Pak worked in finance, then the pharmaceutical industry, and finally a marketing analytics firm, her last office job.
So how does a Korean American woman who started off in the corporate world become the chef of a very personal regional Indian restaurant representing her husband’s culture?
“I grew up loving Korean food,” Pak said. “My mom was an excellent Korean home cook.”
She’s always been an expert eater, she added, but didn’t really start cooking until later in life. Not until she worked in food sales and met so many amazing chefs, including Won Kim at Kimski.
Kim, also Korean American and an artist, painted the graffiti-style murals in Thattu’s loft-like space.
She worked as his prep cook and made a lot of the banchan, the Korean sides she grew up eating.
“But then it was really wild,” Pak said, her voice breaking. She lost her father, and then her mother unexpectedly.

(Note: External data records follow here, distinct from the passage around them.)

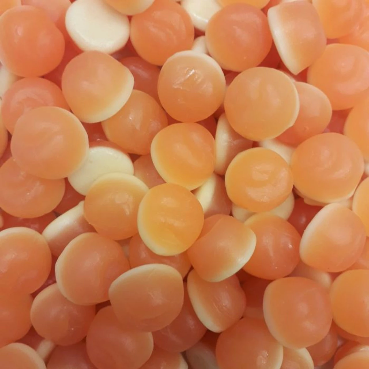 Peaches n Cream. 1kg bag. A peach flavoured gummy with a cream backing. Made in New Zealand by Rainbow Confectionery. Gluten Free.
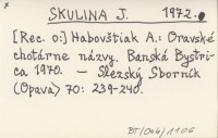 SKULINA J. 1972 [Rec. o:] Habovštiak A.: Oravské chotárne názvy. Banská Bystrica 1970.
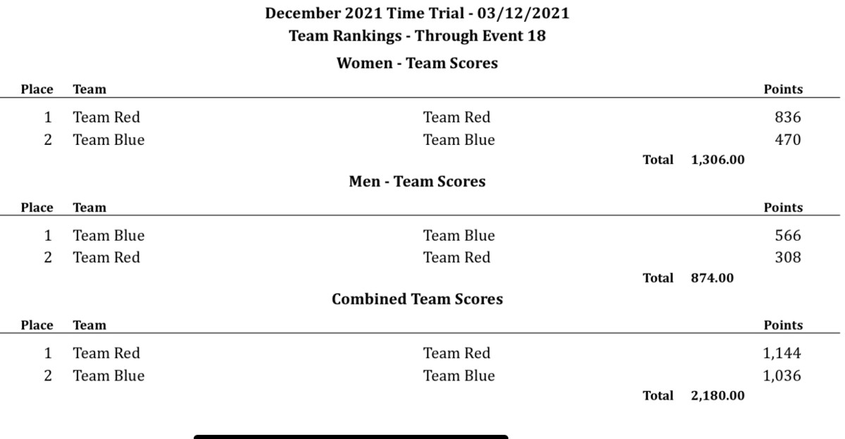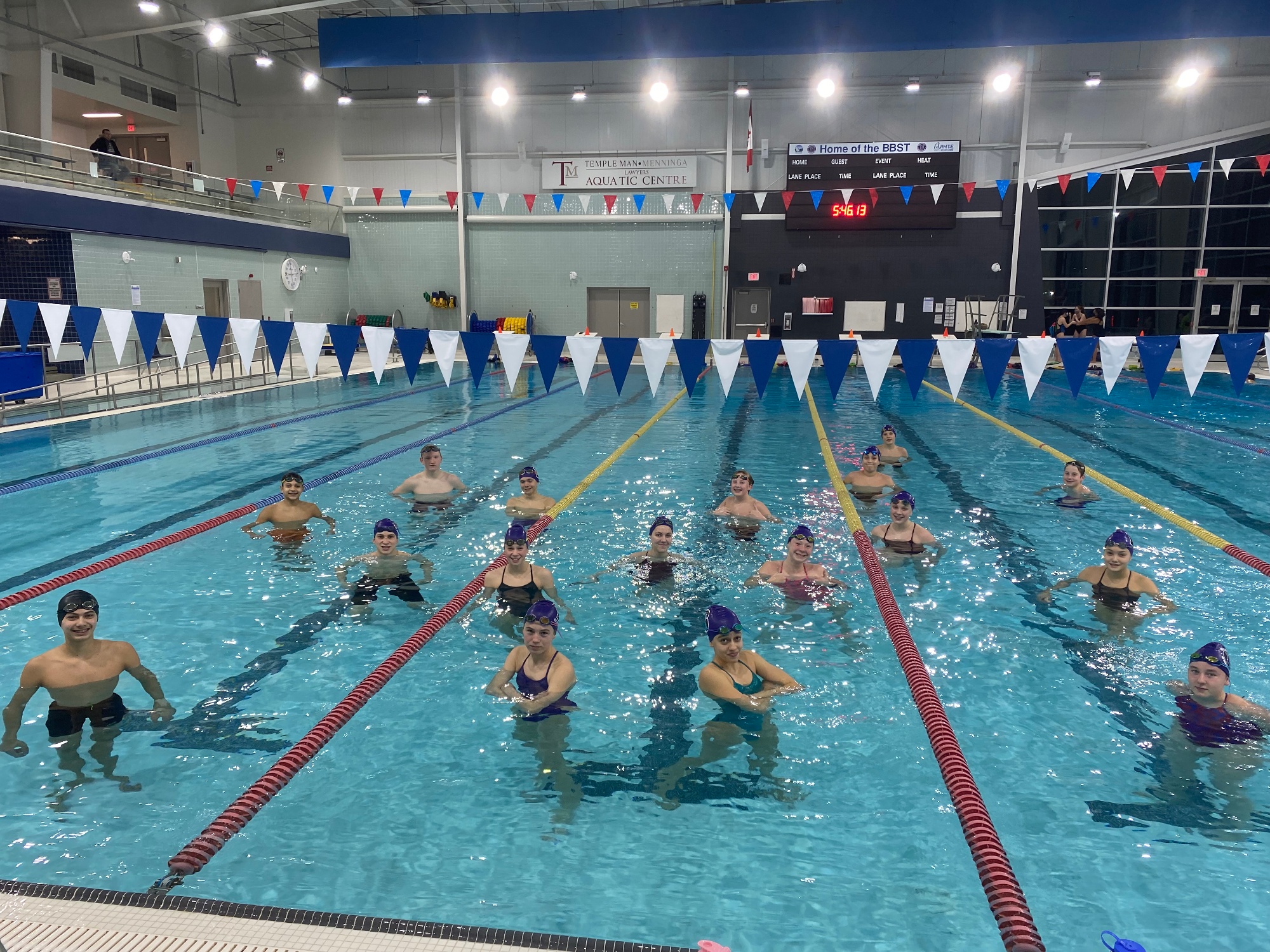 After getting beat by 23 points at the last Time Trial, this time Team Red (1144 points) outscored Team Blue (1036 points) by 108 points. Congratulations to new Ontario Youth Junior Championship qualifiers, Caelen Calder, in the 100m breatstroke at 1:16.86 and Lizzie Burnett, in the 200m breasttroke at 3:00.71, plus new Ontario Festival Championship qualifier, Judah Bell, in the 100m butterfly at 1:33.50, 100m backstroke at 1:27.90 and 100m IM at 1:30.17. Special mention goes out to new Regional qualifiers, Taneesha Asher, Ella Bolton, Leah Hudacin, Hallie Lupton, Caden Mecky and Morgan Slater.

Song Won Pak died in March 2017, and Mary Ahn Pak died in May 2018.
At that moment their daughter was cooking Korean food more than she ever had, but it became too hard to continue.
“Thank God I loved Vinod’s cooking so much too,” said the chef. “That’s when I poured everything into it. It was a way to process my grief.”
Through her process, Thattu has become a place of comfort and convictions — not just for Pak and Kalathil, not just for the workers, but for anyone who finds their new home.
Thattu
2601 W. Fletcher St.
773-754-0199
Open: Thursday to Sunday, lunch 11 a.m. to 2:30 p.m., dinner 5-9 p.m.
Eat. Watch. Do.
Prices: lunch, $11-$18; dinner $16-$32
Noise: Conversation-friendly
Accessibility: Wheelchair accessible by entrance in alley, restrooms on single level
Tribune rating: Excellent, 3 stars
Ratings key: Four stars, outstanding; three stars, excellent; two stars, very good; one star, good; no stars, unsatisfactory. Meals are paid for by the Tribune.